> [TASK DIRECTIONS]: Using the data below, print exactly the line with "Fallen dead wood", the line with "Scrub woodland at Berriedale, Hoy", and every line between them, but none of the pictures.

(DATASET EXCERPTS)

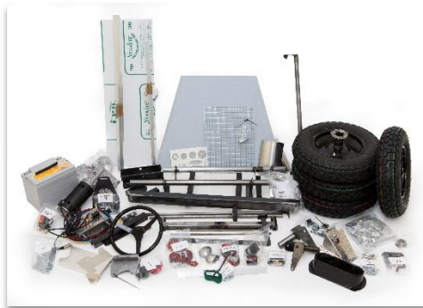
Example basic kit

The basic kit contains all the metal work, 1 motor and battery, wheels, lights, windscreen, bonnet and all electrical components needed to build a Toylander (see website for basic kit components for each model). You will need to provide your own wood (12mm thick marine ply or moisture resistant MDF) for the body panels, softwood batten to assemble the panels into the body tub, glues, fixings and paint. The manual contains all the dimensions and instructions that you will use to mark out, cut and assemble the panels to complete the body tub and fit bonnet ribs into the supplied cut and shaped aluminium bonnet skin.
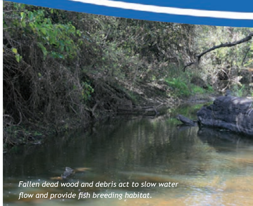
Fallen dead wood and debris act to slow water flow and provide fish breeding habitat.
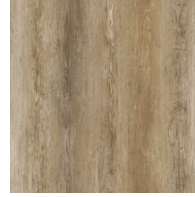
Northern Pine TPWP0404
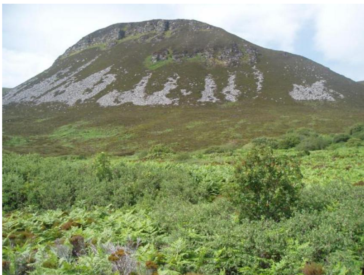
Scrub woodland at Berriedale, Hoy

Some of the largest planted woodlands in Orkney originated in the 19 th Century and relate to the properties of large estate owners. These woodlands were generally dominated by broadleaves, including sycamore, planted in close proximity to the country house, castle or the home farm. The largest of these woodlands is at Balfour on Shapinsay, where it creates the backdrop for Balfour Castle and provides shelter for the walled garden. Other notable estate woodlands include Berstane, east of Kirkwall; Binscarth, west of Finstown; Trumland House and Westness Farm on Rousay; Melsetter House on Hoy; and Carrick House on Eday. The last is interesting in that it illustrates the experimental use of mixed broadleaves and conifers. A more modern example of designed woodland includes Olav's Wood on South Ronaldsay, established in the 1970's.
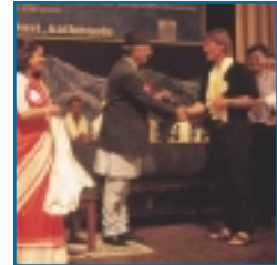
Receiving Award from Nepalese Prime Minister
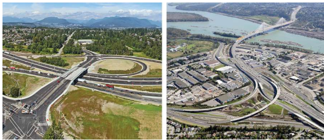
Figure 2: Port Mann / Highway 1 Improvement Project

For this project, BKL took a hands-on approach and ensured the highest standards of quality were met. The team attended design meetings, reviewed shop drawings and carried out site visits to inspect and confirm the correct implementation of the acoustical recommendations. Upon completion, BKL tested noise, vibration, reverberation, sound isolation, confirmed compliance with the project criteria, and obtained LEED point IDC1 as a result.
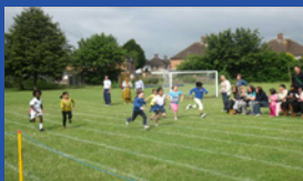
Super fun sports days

(End DATASET EXCERPTS)

> [TASK ANSWER]:
Fallen dead wood and debris act to slow water flow and provide fish breeding habitat.
Northern Pine TPWP0404
Scrub woodland at Berriedale, Hoy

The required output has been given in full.